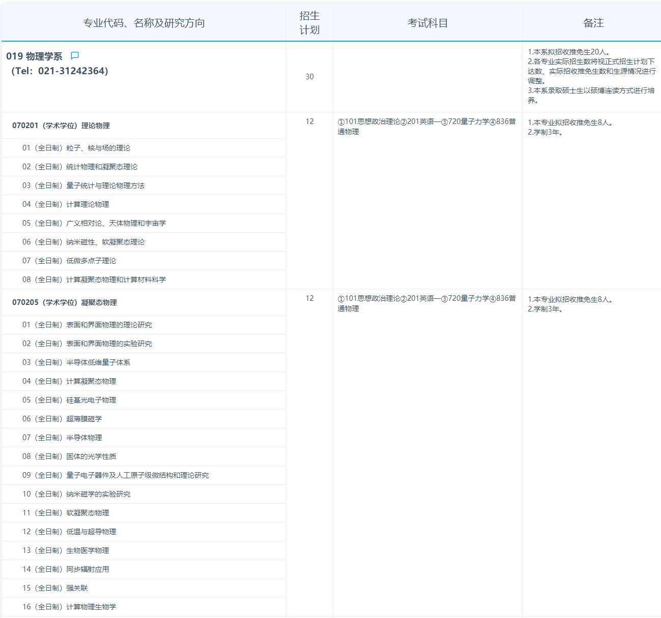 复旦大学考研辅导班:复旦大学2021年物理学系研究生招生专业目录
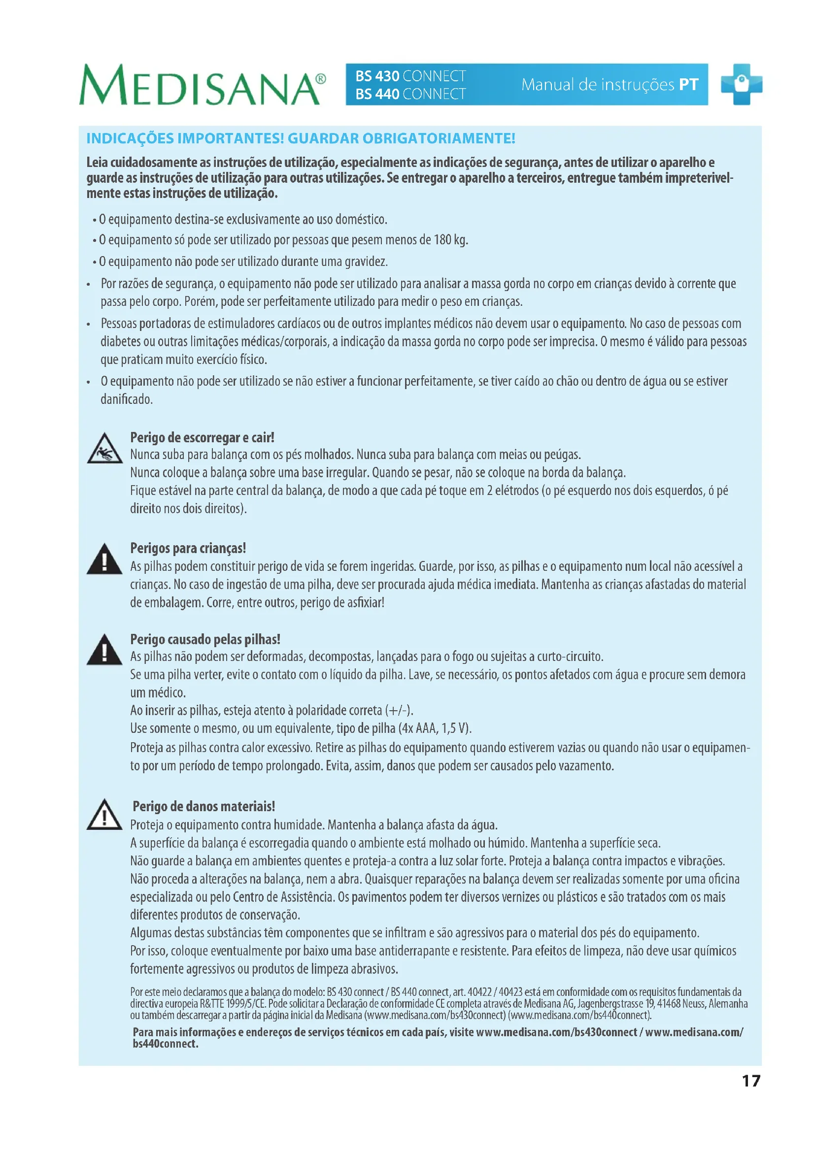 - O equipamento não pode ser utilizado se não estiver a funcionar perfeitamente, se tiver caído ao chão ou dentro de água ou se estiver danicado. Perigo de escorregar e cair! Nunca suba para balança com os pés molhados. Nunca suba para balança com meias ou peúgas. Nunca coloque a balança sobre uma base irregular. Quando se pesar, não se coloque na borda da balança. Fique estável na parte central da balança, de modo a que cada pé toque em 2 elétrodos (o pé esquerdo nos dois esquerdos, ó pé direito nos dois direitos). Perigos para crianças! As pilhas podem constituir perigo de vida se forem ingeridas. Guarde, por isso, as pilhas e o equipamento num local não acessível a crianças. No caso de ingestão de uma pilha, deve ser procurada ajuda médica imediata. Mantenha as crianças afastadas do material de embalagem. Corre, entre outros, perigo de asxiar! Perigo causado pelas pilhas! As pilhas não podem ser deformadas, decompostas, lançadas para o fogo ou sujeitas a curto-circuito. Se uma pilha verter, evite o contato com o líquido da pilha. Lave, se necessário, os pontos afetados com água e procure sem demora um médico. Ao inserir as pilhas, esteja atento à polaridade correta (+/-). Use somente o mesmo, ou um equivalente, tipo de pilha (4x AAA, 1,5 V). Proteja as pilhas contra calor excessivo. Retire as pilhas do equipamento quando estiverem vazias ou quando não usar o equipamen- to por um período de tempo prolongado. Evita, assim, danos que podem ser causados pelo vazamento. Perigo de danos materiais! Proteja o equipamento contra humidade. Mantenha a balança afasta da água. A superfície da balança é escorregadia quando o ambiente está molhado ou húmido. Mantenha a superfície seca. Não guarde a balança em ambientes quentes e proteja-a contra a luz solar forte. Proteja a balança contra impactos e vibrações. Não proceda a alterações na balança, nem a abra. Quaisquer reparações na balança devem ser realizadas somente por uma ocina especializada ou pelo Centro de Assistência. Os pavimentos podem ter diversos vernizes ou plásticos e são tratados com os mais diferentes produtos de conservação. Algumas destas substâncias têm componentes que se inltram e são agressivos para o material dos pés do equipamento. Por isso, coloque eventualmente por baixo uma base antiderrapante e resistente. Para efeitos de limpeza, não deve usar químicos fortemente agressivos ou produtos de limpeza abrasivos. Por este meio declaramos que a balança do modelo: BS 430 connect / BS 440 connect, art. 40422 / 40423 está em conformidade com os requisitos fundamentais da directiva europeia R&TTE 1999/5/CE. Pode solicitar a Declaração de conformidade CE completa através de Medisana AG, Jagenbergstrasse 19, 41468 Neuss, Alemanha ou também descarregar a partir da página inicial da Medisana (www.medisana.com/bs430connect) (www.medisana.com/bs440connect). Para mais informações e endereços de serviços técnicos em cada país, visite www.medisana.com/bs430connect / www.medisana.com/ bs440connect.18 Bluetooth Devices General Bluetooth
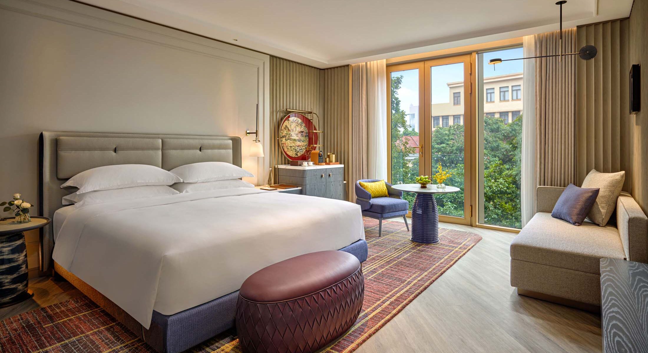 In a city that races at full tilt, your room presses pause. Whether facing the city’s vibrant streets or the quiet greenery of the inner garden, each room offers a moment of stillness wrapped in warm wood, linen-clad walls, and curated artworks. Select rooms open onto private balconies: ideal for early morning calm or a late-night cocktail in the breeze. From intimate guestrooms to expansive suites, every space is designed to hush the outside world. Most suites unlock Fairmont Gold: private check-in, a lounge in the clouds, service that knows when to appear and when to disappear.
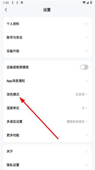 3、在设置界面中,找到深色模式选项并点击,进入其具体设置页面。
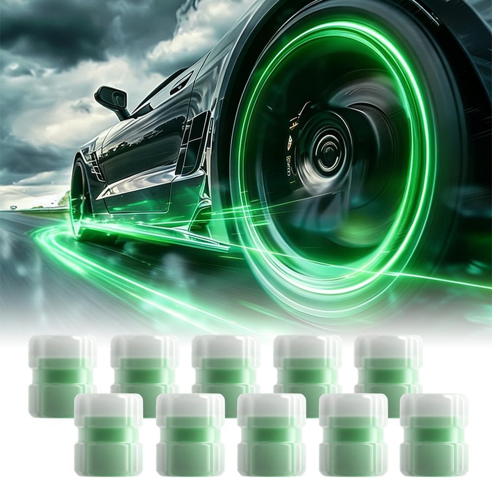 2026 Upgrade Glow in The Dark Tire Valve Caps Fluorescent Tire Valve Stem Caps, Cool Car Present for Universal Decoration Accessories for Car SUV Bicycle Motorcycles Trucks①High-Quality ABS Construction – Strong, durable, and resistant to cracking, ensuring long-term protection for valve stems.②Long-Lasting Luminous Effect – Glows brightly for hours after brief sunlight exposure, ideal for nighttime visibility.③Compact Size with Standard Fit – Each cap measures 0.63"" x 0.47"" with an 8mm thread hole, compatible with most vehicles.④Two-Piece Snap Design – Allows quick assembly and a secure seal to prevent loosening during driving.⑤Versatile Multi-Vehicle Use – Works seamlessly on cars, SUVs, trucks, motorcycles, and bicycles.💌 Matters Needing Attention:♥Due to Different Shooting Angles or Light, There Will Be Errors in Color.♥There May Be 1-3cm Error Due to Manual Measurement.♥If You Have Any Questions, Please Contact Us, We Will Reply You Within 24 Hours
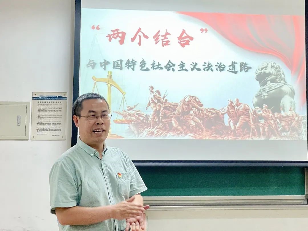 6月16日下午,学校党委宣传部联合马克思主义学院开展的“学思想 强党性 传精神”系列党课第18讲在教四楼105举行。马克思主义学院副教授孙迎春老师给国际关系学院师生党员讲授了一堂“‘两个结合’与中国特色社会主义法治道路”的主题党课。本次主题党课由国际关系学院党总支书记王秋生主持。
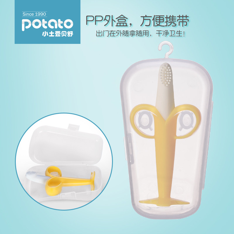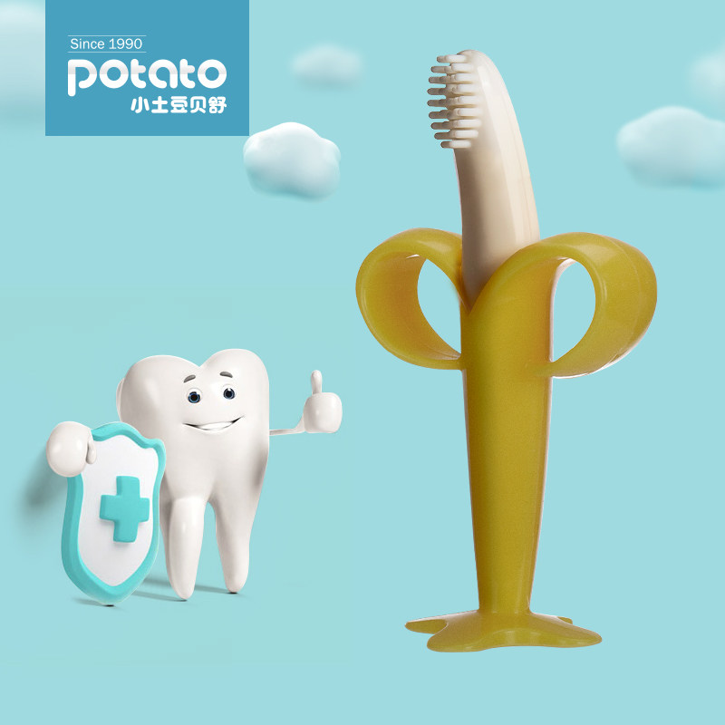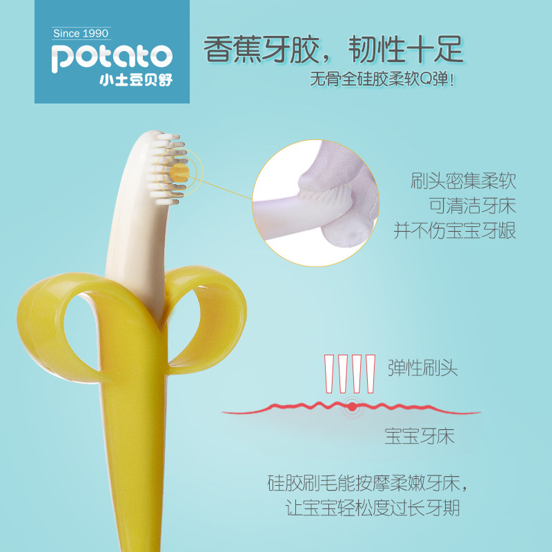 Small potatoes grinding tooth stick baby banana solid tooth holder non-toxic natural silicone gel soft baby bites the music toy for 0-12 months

--

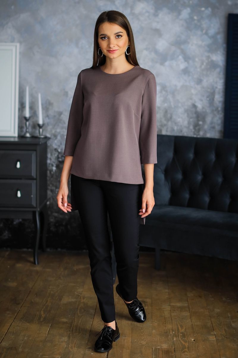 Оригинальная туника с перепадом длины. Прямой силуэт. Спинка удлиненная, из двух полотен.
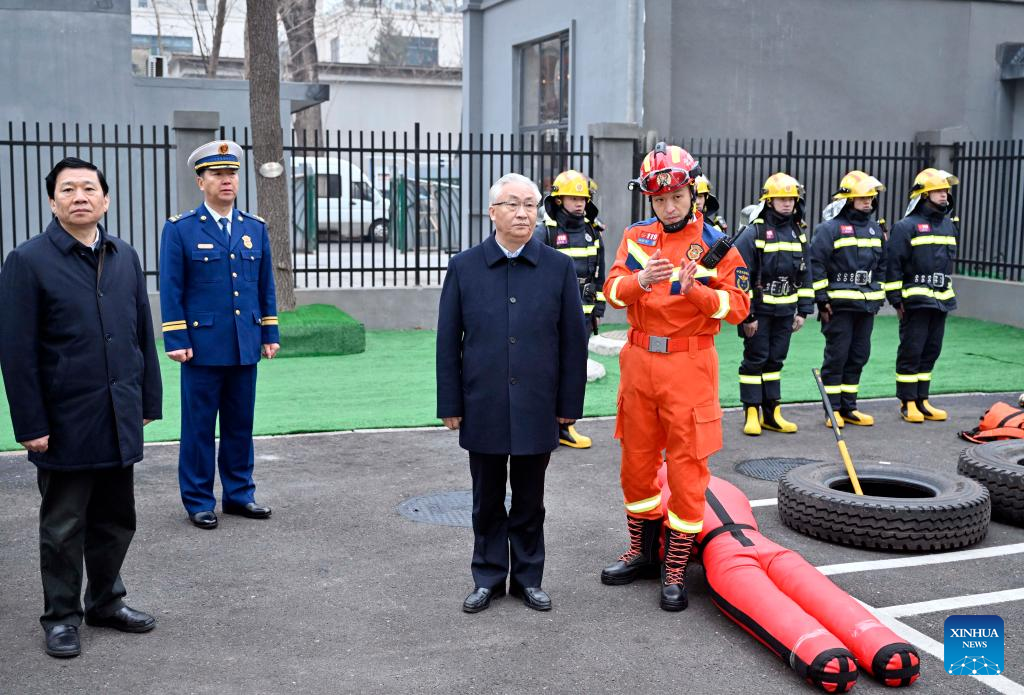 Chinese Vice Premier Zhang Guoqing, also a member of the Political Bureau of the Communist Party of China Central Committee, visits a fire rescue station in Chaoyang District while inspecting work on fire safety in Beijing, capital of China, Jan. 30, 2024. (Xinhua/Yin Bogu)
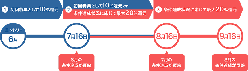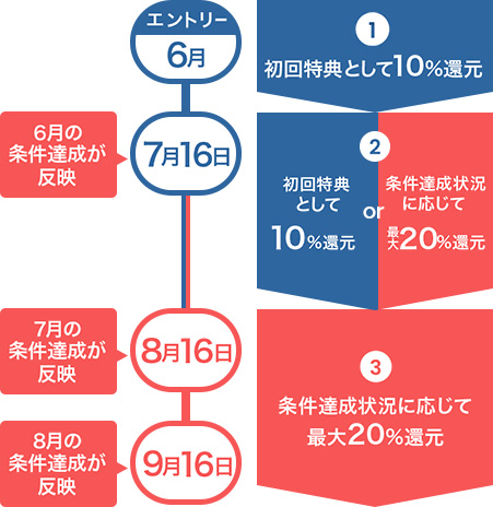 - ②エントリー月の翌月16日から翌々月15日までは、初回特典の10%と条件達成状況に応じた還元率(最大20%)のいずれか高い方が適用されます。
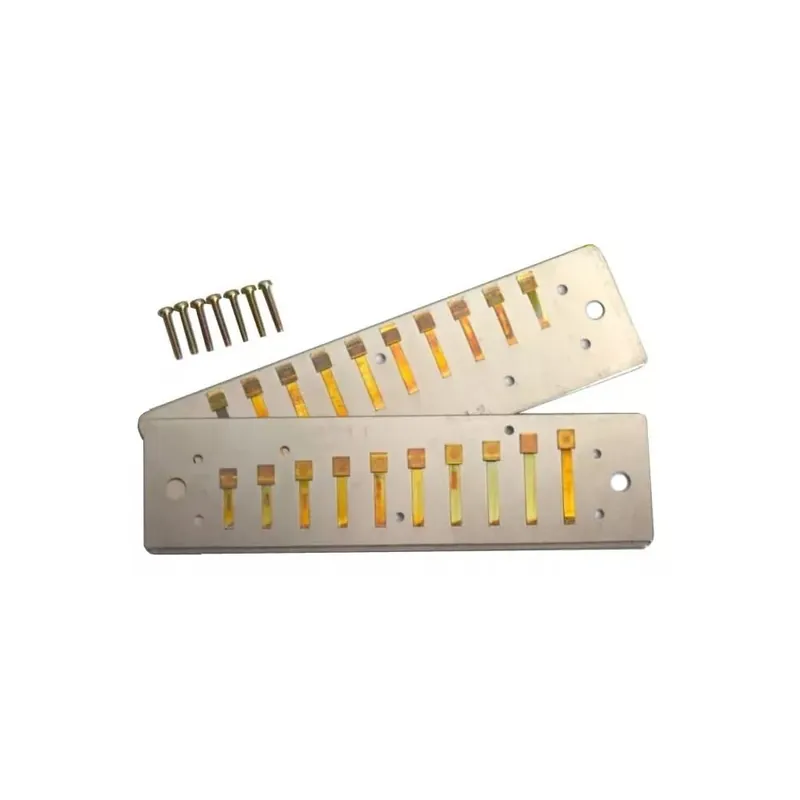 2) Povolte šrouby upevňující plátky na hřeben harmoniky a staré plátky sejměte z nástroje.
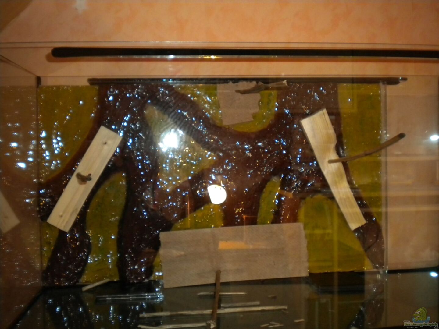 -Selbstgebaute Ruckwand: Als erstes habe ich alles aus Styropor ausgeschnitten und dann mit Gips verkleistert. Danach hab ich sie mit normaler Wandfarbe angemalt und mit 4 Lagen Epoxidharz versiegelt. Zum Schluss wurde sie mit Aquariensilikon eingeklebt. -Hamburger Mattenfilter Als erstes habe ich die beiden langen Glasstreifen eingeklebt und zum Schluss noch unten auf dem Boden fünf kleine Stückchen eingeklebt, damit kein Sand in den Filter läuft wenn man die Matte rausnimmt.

> [What to do] Using the data above, copy exactly the lines from the one containing "- ②エントリー月の翌月16" to the one containing "-Selbstgebaute Ruckwand: Als", inclusive. Exclude the pictures.

> [Result below]
 - ②エントリー月の翌月16日から翌々月15日までは、初回特典の10%と条件達成状況に応じた還元率(最大20%)のいずれか高い方が適用されます。
 2) Povolte šrouby upevňující plátky na hřeben harmoniky a staré plátky sejměte z nástroje.
 -Selbstgebaute Ruckwand: Als erstes habe ich alles aus Styropor ausgeschnitten und dann mit Gips verkleistert. Danach hab ich sie mit normaler Wandfarbe angemalt und mit 4 Lagen Epoxidharz versiegelt. Zum Schluss wurde sie mit Aquariensilikon eingeklebt. -Hamburger Mattenfilter Als erstes habe ich die beiden langen Glasstreifen eingeklebt und zum Schluss noch unten auf dem Boden fünf kleine Stückchen eingeklebt, damit kein Sand in den Filter läuft wenn man die Matte rausnimmt.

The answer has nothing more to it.